The Senate decided that all undergraduate and graduate courses offered for a letter grade must also offer students the option of taking the course for a “credit” or “no credit” grade and recommended that deans, departments, and programs consider adopting local policies to count courses taken for a “credit” or “satisfactory” grade toward the fulfillment of degree-program requirements and/or alter program requirements as appropriate.

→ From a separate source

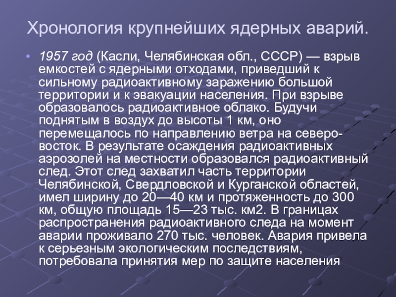 взрыв емкостей с ядерными отходами, приведший к сильному радиоактивному заражению большой территории и к эвакуации населения. При взрыве образовалось радиоактивное облако. Будучи поднятым в воздух до высоты 1 км, оно перемещалось по направлению ветра на северо-восток. В результате осаждения радиоактивных аэрозолей на местности образовался радиоактивный след. Этот след захватил часть территории Челябинской, Свердловской и Курганской областей, имел ширину до 20—40 км и протяженность до 300 км, общую площадь 15—23 тыс. км2. В границах распространения радиоактивного следа на момент аварии проживало 270 тыс. человек. Авария привела к серьезным экологическим последствиям, потребовала принятия мер по защите населения

Undergraduate Degree Requirements
Grading
The MCS program counts all courses taken in academic year 2020-21 with a grade of 'CR' (credit) or 'S' (satisfactory) towards satisfaction of undergraduate degree requirements and minor that otherwise require a letter grade.
Faculty
Director: Professor Guenther Walther
Associate Director: Professor Chiara Sabatti
Faculty Advisers: Assistant Professor John Duchi, Professor Bradley Efron, Associate Professor David Rogosa, Assistant Professor Johan Ugander, Assistant Professor Scott Linderman
Steering Committee: Takeshi Amemiya (Economics, emeritus), Emmanuel Candès (Mathematics, Statistics), Brian Conrad (Mathematics), Richard Cottle (Management Science and Engineering, emeritus), John Duchi (Electrical Engineering & Statistics), Darrel Duffie (Economics & GSB), Bradley Efron (Statistics), Peter Glynn (Management Science and Engineering), Ramesh Johari (Management Science and Engineering), Percy Liang (Computer Science & Statistics), Parviz Moin (Mechanical Engineering), George Papanicolaou (Mathematics), David Rogosa (Education & Statistics), Chiara Sabatti (Biomedical Data Science & Statistics), David Siegmund (Statistics), Jonathan Taylor (Statistics), Brian White (Mathematics)
Courses
MCS 198. Practical Training. 1 Unit.
For students majoring in Mathematical and Computational Science only. Students obtain employment in a relevant industrial or research activity to enhance their professional experience. Students may enroll in Summer Quarters only and for a total of three times. Students must first notify their MCS adviser before enrolling in their course section, and must submit a one-page written final report summarizing the knowledge/experience gained upon completion of the internship in order to receive credit.